«Tenemos setenta y cinco días de vacaciones, mamá», me dijo Hugo triunfante e inconsciente el 22 de junio. El verano, esa interminable etapa de montaña para los padres, ese visto y no visto para nuestros hijos, nos reta cada año. Encontrar la mejor opción para ocuparnos de ellos mientras nosotros seguimos trabajando, sin morir en el intento, se convierte en un rompecabezas tal, que logra que añoremos las extraescolares y que se vayan a dormir antes de las nueve y media de la noche.
Rilke dijo aquello de que la verdadera patria del hombre es la infancia. Y la infancia es el verano, añadiría yo. Comer helados y ver la tele. Andar descalzos. Estar en pijama todo el día. Leer Los Cinco y jugar a las cartas en la piscina. Jugar al botebotero y al marcopolo. Hacerte amigo del socorrista y montar en avión.

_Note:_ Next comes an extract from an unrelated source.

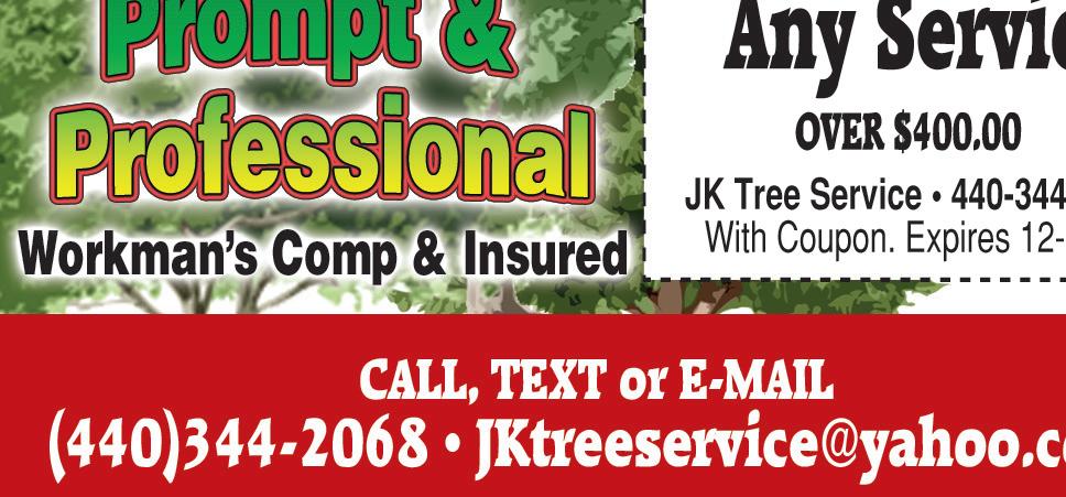 “PASTA FOR PUPPIES!” HAS BEEN RESCHEDULED FOR MONDAY, APRIL 12, 2021. BRING YOUR 2020 TICKET. CALL LINDE AT 440-951-2468 FOR MORE INFORMATION. “Quality Without Question” since 1987 • Plumbing New & Repairs • Sewer & Drain Cleaning • Video Inspection • Complete Bathroom Remodeling • Electric & Back-up Sump Pumps ® Mastercard ®VISA 8775 East Ave. • Mentor www.myplumberinc.com Dan Zappola OH LIC #27346 Any Complete Water Heater or Tane Water Commander Back-up Sump Pump With Coupon. Expires 12-3-20 Any Service Charge With Coupon. Expires 12-3-20 Any Bathtub or Shower Replacement With Coupon. Expires 12-3-20 $20 OFF $100 OFF $50 OFF 440-257-0061 440-946-1810 Residential • Commercial • Remodeling WE ARE ESSENTIAL & OPEN FOR BUSINESS LOCATED IN THE REAR OF THE MENTOR CITY CENTER EAST OF RT. 306 • ACROSS FROM GREAT LAKES MALL Local Discounts on Team Uniforms & Equipment Custom Lettering on T-Shirts, Sweatshirts & Other Apparel Little League Pants & Uniforms email:seasonalsportgds@aol.com www.seasonalsportinggoods.net SHOP LOCALLY & SAVE! 7667 MENTOR AVE. 440-942-9073 SEASONAL SPORTING GOODS High School Varsity Jackets!

Salir después de cenar a dar un paseo o a mojarte en los aspersores.
Sin querer darnos mucha cuenta de ello, el verano ha ido diluyéndose. Mírense justo ahora, al leer estas líneas: hemos cruzado la meta. Septiembre, el mes que más se parece a los lunes, nos obliga a desempolvar los uniformes del mayor para ver si le sirven al pequeño, sacar punta a los lapiceros y cambiar la alarma en el despertador. Hemos sobrevivido al verano, uno más de nuestra particular vuelta ciclista.